Activity: With pictures left out, extract every line between the start of the records below and the line holding "デスク 学習机 学習デスク", inclusive.

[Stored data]

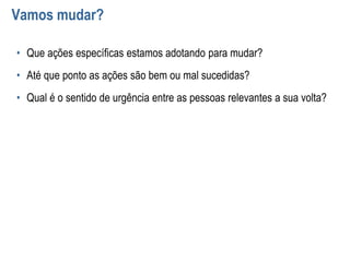 Este documento discute a importância de se ter um verdadeiro sentido de urgência versus complacência ou falsa urgência. Apresenta táticas para identificar esses comportamentos e aumentar o sentido de urgência, como trazer o ambiente externo para dentro da empresa, agir com urgência todos os dias, encontrar oportunidades em crises, e lidar com resistências. Também fornece dicas sobre como manter a urgência alta após o sucesso e cultivar uma cultura do sentido de urgência.
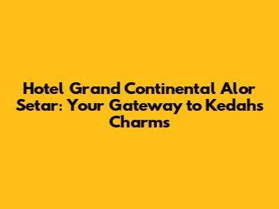 Hey guys! Planning a trip to Alor Setar and wondering where to crash? Look no further than the Hotel Grand Continental Alor Setar. It's a popular choice for both leisure and business travelers, and for good reason. This guide will give you the lowdown on everything you need to know, from the hotel's awesome amenities to its sweet location, and why it's a solid pick for your stay in the rice bowl of Malaysia. Let's dive in!
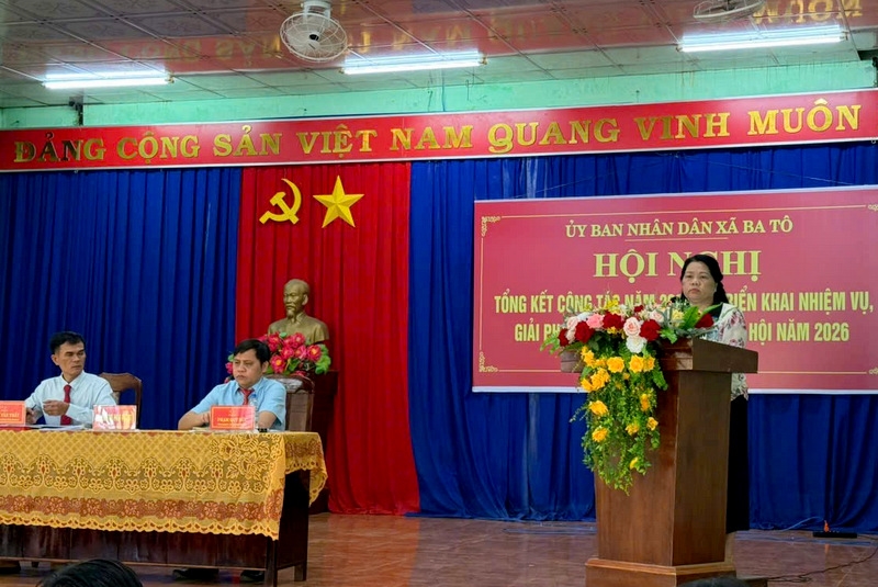 Phát biểu tại hội nghị, Viện trưởng VKSND tỉnh Quảng Ngãi - Phạm Thị Kim Liên ghi nhận nỗ lực và kết quả xã Ba Tô đạt được sau quá trình sắp xếp, tinh gọn bộ máy. Đồng chí đề nghị địa phương tiếp tục đoàn kết, nâng cao hiệu quả điều hành trong năm 2026.
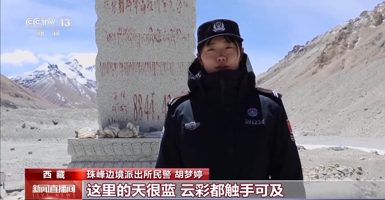 珠峰邊境派出所民警 胡夢(mèng)婷:這里的天很藍(lán),云彩都觸手可及。珠穆朗瑪峰,世界最高峰,對(duì)于我來(lái)說不再是課本上那遙不可及的存在,而是我已經(jīng)抵達(dá)并駐守的地方。
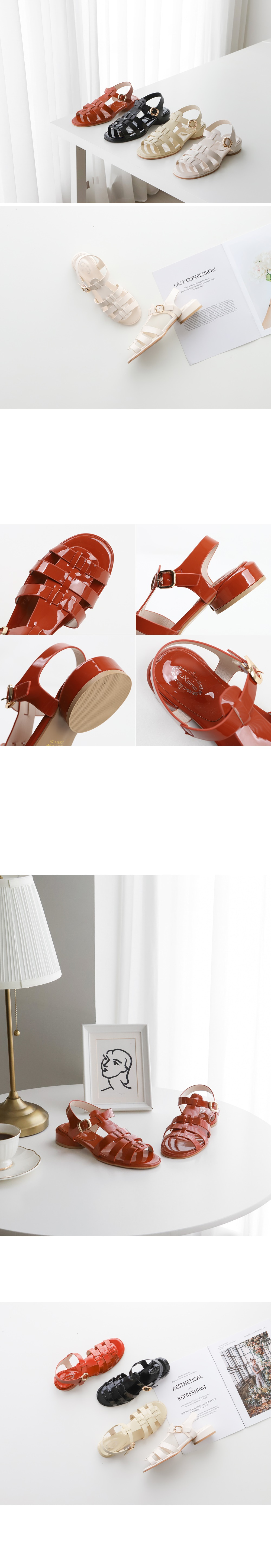 • 유광 글래디 스트랩 낮은굽 여름 샌들
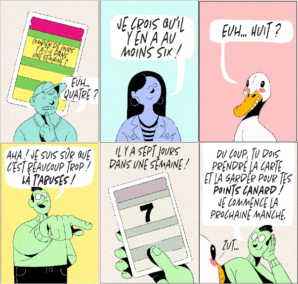 Le jeu ne nécessite pratiquement pas d’espace sur la table et peut donc être utilisé comme jeu de fête dans presque tous les contextes.
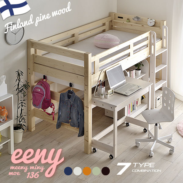 ■【特許構造】宮付き ロフトベッド eeny(イーニー) Low desk+shelf H135cm 4色対応 ロータイプ システムベッド デスク 学習机 学習デスク
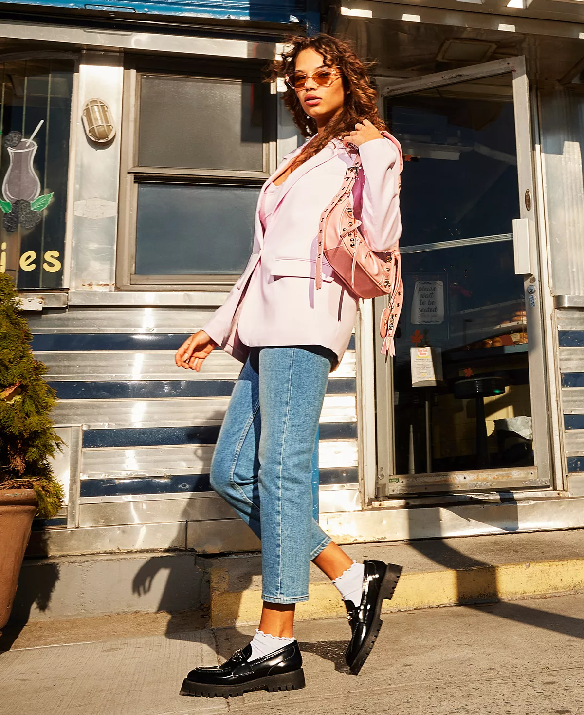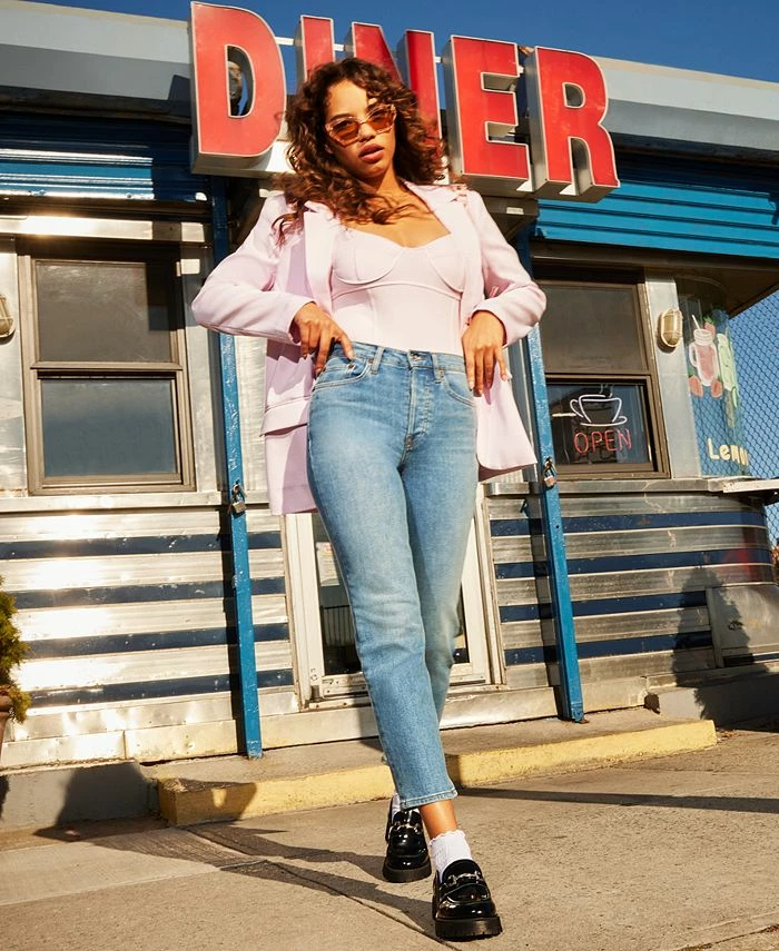 A classic style with a contemporary silhouette, this sleek blazer by Steve Madden combines a one-button, notched collar design with a boyfriend fit for a look that is as versatile as it is chic.

Completed task:
 Este documento discute a importância de se ter um verdadeiro sentido de urgência versus complacência ou falsa urgência. Apresenta táticas para identificar esses comportamentos e aumentar o sentido de urgência, como trazer o ambiente externo para dentro da empresa, agir com urgência todos os dias, encontrar oportunidades em crises, e lidar com resistências. Também fornece dicas sobre como manter a urgência alta após o sucesso e cultivar uma cultura do sentido de urgência.
 Hey guys! Planning a trip to Alor Setar and wondering where to crash? Look no further than the Hotel Grand Continental Alor Setar. It's a popular choice for both leisure and business travelers, and for good reason. This guide will give you the lowdown on everything you need to know, from the hotel's awesome amenities to its sweet location, and why it's a solid pick for your stay in the rice bowl of Malaysia. Let's dive in!
 Phát biểu tại hội nghị, Viện trưởng VKSND tỉnh Quảng Ngãi - Phạm Thị Kim Liên ghi nhận nỗ lực và kết quả xã Ba Tô đạt được sau quá trình sắp xếp, tinh gọn bộ máy. Đồng chí đề nghị địa phương tiếp tục đoàn kết, nâng cao hiệu quả điều hành trong năm 2026.
 珠峰邊境派出所民警 胡夢(mèng)婷:這里的天很藍(lán),云彩都觸手可及。珠穆朗瑪峰,世界最高峰,對(duì)于我來(lái)說不再是課本上那遙不可及的存在,而是我已經(jīng)抵達(dá)并駐守的地方。
 • 유광 글래디 스트랩 낮은굽 여름 샌들
 Le jeu ne nécessite pratiquement pas d’espace sur la table et peut donc être utilisé comme jeu de fête dans presque tous les contextes.
 ■【特許構造】宮付き ロフトベッド eeny(イーニー) Low desk+shelf H135cm 4色対応 ロータイプ システムベッド デスク 学習机 学習デスク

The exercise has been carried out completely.